Szatan roześmiał się w głos:

- Co, znów zakład? O nie! Lepiej nie, Panie! Aż taki głupi nie jestem! Przecież przy twoich nieskończonych możliwościach, zawsze możesz spowodować aby wynik tego zakładu wypadł na twoją korzyść. Jaką mam gwarancję, że tak nie uczynisz, Panie?

Stwórca wyprostował się na swoim alabastrowym tronie i groźnie spojrzał na anioła.

 

- Masz moje słowo i to ci powinno wystarczyć! – rzekł dobitnie – Chyba nie wątpisz w moją doskonałą sprawiedliwość, co?

- Oczywiście, że nie! – odparł anioł, ale jakoś tak bez przekonania, jakby miał wątpliwości. A potem uczyniwszy gest mogący oznaczać: - Aa,.. raz kozie śmierć! – powiedział:

- No, dobrze,.. skoro taka jest twoja wola, zgadzam się. Słucham cię Panie uważnie.

 

Bóg odchylił się do tyłu i spojrzał życzliwym okiem na anioła, a potem rzekł:

-To mi się podoba! Wiesz kiedy należy ustąpić przed wyższym autorytetem. Posłuchaj zatem, co chcę ci zaproponować: Otóż dam ci możliwość przekonania się, iż miłość niektórych ludzi wierzących we mnie jest tak wielka, że nawet gdy sprowadzę na nich nieszczęścia,.. tak jak choćby w przypadku mojego sługi Hioba, kiedy spowodowałem utratę jego bogactw: wołów, osłów i baranów oraz wielbłądów, a nawet śmierć jego synów i córek – on i tak był mi wdzięczny i chwalił mnie jak dotąd.

 

- Ba! Dotknąłem go nawet trądem, abyś na własne oczy zobaczył, że i wtedy nie będzie mi złorzeczył, lecz wytrwa w pokorze i uwielbieniu mnie. Taka wielka w tym człowieku tkwiła siła wiary we mnie! Chcesz się zatem przekonać o wielkości ducha jakiegoś współczesnego odpowiednika ówczesnego Hioba? Obiecuję, iż postawię na niego swój autorytet: jeśli się zawiodę na nim – ty wygrywasz ten zakład. Jeśli natomiast nie zawiedzie on mojego zaufania, wynagrodzę go sowicie za poniesione krzywdy, a ty będziesz przegrany i za karę będziesz musiał „odszczekać” przed całą bracią anielską swoje obraźliwe słowa, skierowane pod moim adresem. Zgadzasz się?

 

Szatan zastanawia się przez jakiś czas, a potem mówi:

- Nie miej mi Panie za złe, lecz widzę tu pewne wady, które moim zdaniem podważają wartość tego zakładu.
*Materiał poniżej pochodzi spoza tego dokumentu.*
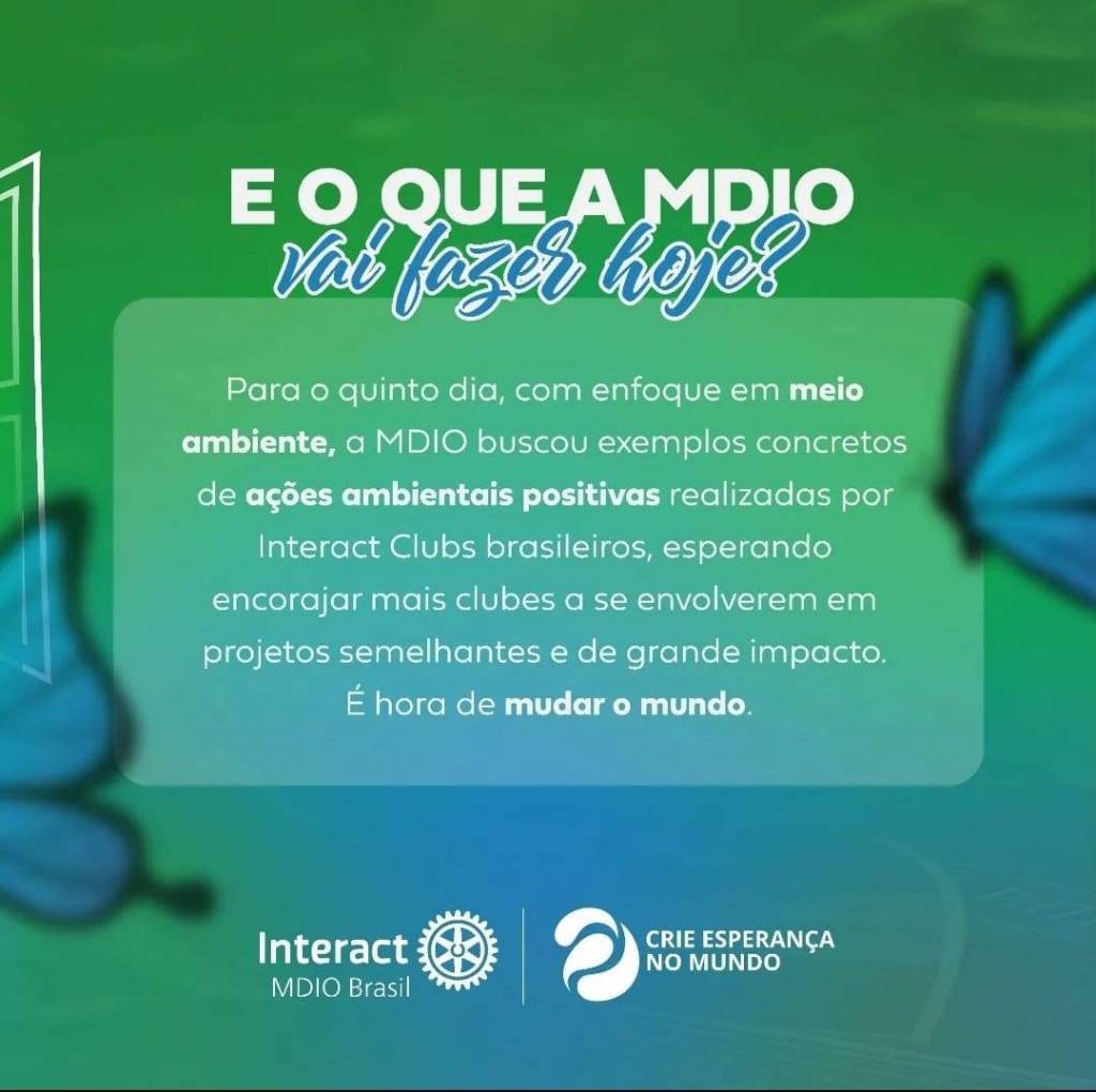 No quinto dia da Semana Mundial do Interact (SMI) dedicado ao meio ambiente, a MDIO Interact Brasil se orgulha em destacar ações de clubes de todo o Brasil que foram de enorme relevância e significado. Essas iniciativas não apenas buscaram fazer a diferença, mas também trouxeram resultados significativos para suas comunidades e para o meio ambiente. Estamos inspirados por essas realizações e ansiosos para continuar esse importante trabalho juntos! Que essas ações sirvam como inspiração para outros clubes, incentivando-os a fazer a diferença em suas próprias comunidades. #SMI #MeioAmbiente #InteractBrasil

Przede wszystkim, to co proponujesz jest mocno archaiczne i na dobrą sprawę o niczym w zasadzie nie świadczy. Bo cóż to jest za próba wiary, która obejmuje zaledwie jednego wyznawcę i maleńki wycinek czasu, ograniczony do życia jednostki?

 

- Przecież możesz wybrać do niej wyjątkowego osobnika i dodatkowo „wzmocnić” jego przekonania i uczucia do siebie w taki sposób, że z łatwością podoła wszelkim próbom, jakim go poddasz. Nie, Panie,.. taki „zakład” niczego by nie dowodził, obojętnie który z nas by go wygrał, a który przegrał. Tu trzeba wymyślić coś bardziej uniwersalnego, a zarazem mającego jednoznaczną wymowę w razie przegranej lub wygranej… Coś, dzięki czemu można będzie ocenić wartość wiary w ciebie Panie, ze strony twoich stworzeń – ludzi  i to niezależnie od czasów i kultury, w której będzie to miało miejsce. Coś takiego mi chodzi po głowie…

 

Bóg był wyraźnie zawiedziony propozycją anioła:

- To nie będziemy przypominać zasług mojego ulubieńca Hioba? A tak mi się ten człowiek udał: prawy, sprawiedliwy i unikający grzechu.. No, szkoda,.. nadawał się jako wzorzec do tego zakładu jak nikt – dodał Bóg już ciszej do siebie. Widać było, że nie przypadł mu do gustu ten dziwny pomysł. Tymczasem szatan przymknął oczy i usilnie zastanawiał się nad czymś. W końcu klepnął się w czoło z rozmachem i zawołał z radością:

 

- Mam! Znalazłem Panie pomysł na test wiary, o jaki mi chodziło. I będzie on spełniał wszystkie kryteria, o których wspomniałem: będzie uniwersalny, niezależny od czasów, kultury a nawet religii, a jego wymowa będzie tak jednoznaczna, że nie może być mowy o jakiejkolwiek pomyłce w tej kwestii. To pewne! – anioł klasnął w dłonie z radości.

 

Tymczasem Bóg przyglądał mu się z podejrzliwością, w milczeniu kręcąc młynka palcami. Jego spojrzenie było nieodgadnione, lecz anioł czuł jakby go Bóg prześwietlał nim na wylot. W końcu Stwórca odezwał się zniecierpliwionym tonem:

- Długo jeszcze mam czekać na ten twój „rewelacyjny” pomysł? Może w końcu powiesz o co w nim chodzi? Czy chcesz wystawiać na próbę moją cierpliwość?

  

Szatan chwilę zwlekał z wyjawieniem swego pomysłu dla lepszego efektu, a potem rzekł:

- Już mówię, Panie! Otóż dzięki odkupicielskiej ofierze złożonej na krzyżu przez Syna Bożego, każdy kto uwierzy w twego Syna i w potrzebę tejże ofiary, dostaje szansę na zbawienie swej duszy, czyli szansę na wieczne życie w niebie u boku Boga, po biologicznej śmierci swego ciała. To jest główna i najważniejsza prawda chrześcijaństwa. Dobrze ją streściłem, Panie?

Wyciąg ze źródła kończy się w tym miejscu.